2014年2月14日金曜日

小説「永遠のゼロ」を読んで (2)

百田尚樹氏の「永遠のゼロ」は、現実的(リアル)な戦争を表現しているようです。主人公「宮部久蔵」は、天才的戦闘機パイロットという設定ですが、武士(サムライ)の生き様として見る事も出来ます。

丁寧な言葉使いで、しかも「惻隠の情」を自然に持ち合わせ、戦闘機・セロ戦を武器としていかに扱うかを常に考えている兵法者です。
戦いに勝つことが生き残ることであり、自分の兵法の正当性を示すもの・・という考えで、「生きることを信条にしている」と描かれているのではないでしょうか?

宮本武蔵の小説も、このような思考を描いております。
「永遠のゼロ」では、宮部久蔵という生きることを信条としている男が、なぜ特攻に志願したか、それもあと一週間で戦争は終わったのに・・という点が最後までミステリーとなっているようですね。
「愛する妻と子供のため」などというセリフが出てきます。このフレーズは戦争経験者達が常に言っていた言葉です。我々は愛する者のために戦ったのだと・・・
また、多くの若者を死なせた責任のようなものを感じて、特攻に行ったという言い回しも出てきます。無責任に生き残った上層部を批判する意味で。
しかし、百田氏は主人公を通してまったく別の判断を描くのです。

多くの若者を特攻という外道で死に追いやりながら、直掩機として特攻に参加していた主人公は、そこで敵電探の弱点を見抜き、近接信管付の砲弾の弱点も見抜き、特攻のやり方を頭の中で組み立てたのでしょう。
それを確認するには、自らの技量を持って特攻を行うしかない。そういう結論に達した主人公は、妻と娘のために相応しい男を残して、自らその実戦に赴くという筋に取れます。(他の読者はどう捕らえているか知りませんけど)

タイコンデロガの搭乗員に、「悪魔の乗ったゼロ・ファイター」と言わせることで、この天才パイロットの勝利を示し、史実に忠実に小説をまとめました。

この小説は戦争を賛美するものではありませんが、戦争というものが何たるかは明確に示しています。
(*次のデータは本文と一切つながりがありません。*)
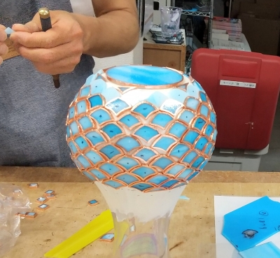 JUGEMテーマ:日々徒然 JUGEMテーマ:ステンドグラス 本来のガラスモザイクは、ガラスをカットし セメント状の物で接着をします こちらは、ステンドグラスで再現していますので より細密になっています コツコツ 同じ形のピースを 根気よく カットされています モールド(型)は、花瓶です 新型コロナウイルス感染症対策 教室では、生徒さんが戻って...

それは戦闘者の技量のぶつかり合いであり、常に劣者が優者に勝利するチャンスもあるというように描かれています。(だから油断してはならないということです)
決して戦争の残虐性だけを、いたずらに強調してはおりません。

そしてエピローグで、タイコンデロガの搭乗員に「あいつはサムライだった。だから我々はナイトとして彼に対さなければならない」と語らせます。
つまり命のやり取りであればこそ、そうすることが自然になるという戦争の一面を描きます。

最近は戦争がなくなりました。あるのは紛争とテロばかりです。人心は欲に乱れ、惻隠の情も、人間としての扱いすら影が薄くなっています。
戦争の無い時代、しかしもっとおぞましい世界になりつつあるような、そんな予感も持ったりしています。
だからこそ、サムライとかクールジャパンを、アメリカも言い始めたのではないでしょうか。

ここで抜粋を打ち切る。